-- Listed records --
-- Opening Marker --

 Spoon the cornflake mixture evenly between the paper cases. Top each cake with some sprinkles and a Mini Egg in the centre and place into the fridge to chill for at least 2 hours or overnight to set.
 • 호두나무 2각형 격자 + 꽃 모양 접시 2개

-- Closing Marker --
-- Opening Marker --

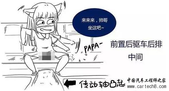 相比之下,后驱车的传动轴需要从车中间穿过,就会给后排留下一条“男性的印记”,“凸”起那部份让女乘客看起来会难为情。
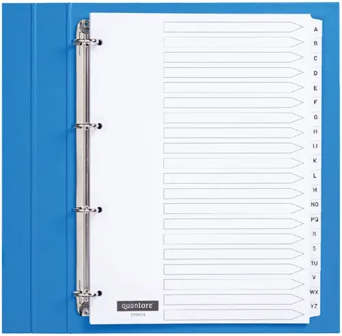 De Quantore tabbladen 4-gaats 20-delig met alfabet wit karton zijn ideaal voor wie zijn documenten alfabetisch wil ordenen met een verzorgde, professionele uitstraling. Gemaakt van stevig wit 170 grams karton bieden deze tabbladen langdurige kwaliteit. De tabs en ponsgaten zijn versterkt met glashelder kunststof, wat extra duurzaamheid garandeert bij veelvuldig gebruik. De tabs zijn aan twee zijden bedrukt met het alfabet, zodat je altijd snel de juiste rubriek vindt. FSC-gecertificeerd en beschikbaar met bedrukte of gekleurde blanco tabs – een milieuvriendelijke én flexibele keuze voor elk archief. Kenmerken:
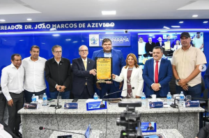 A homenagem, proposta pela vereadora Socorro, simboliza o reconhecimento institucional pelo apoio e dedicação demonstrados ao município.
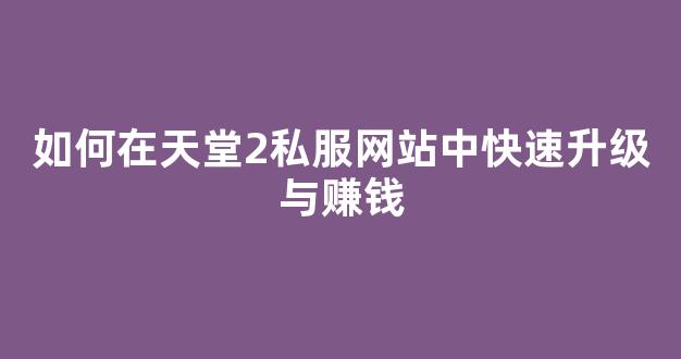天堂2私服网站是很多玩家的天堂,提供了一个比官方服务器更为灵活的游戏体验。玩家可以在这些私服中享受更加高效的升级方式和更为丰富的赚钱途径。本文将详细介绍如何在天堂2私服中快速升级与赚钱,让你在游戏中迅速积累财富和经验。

-- Closing Marker --
-- Opening Marker --

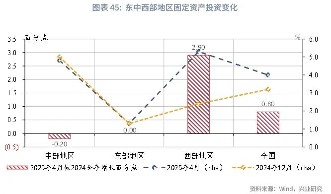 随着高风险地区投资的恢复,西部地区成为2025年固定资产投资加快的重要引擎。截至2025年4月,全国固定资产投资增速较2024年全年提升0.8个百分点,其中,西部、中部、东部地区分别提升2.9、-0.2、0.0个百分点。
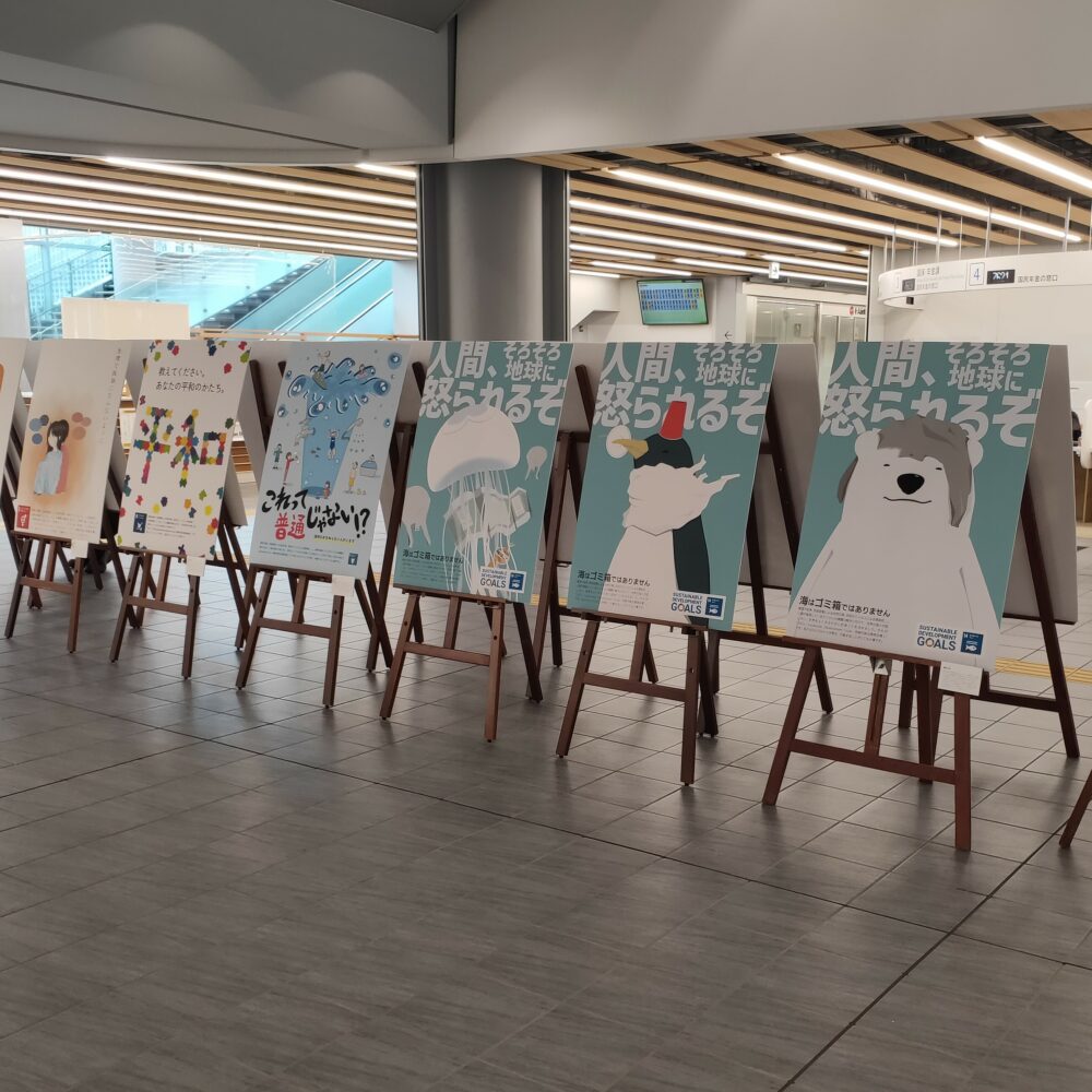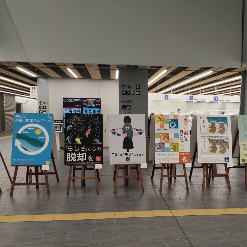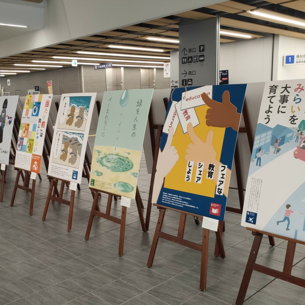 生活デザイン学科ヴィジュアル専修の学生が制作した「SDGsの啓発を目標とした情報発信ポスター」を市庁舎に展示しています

-- Closing Marker --

-- Work task --
Going back to the entries above, set down exactly the lines that begin at the one with "Spoon the cornflake" and end at the one with "격자 + 꽃 모양 접시 2개", both included, and nothing else.

-- Result for this exercise --
 Spoon the cornflake mixture evenly between the paper cases. Top each cake with some sprinkles and a Mini Egg in the centre and place into the fridge to chill for at least 2 hours or overnight to set.
 • 호두나무 2각형 격자 + 꽃 모양 접시 2개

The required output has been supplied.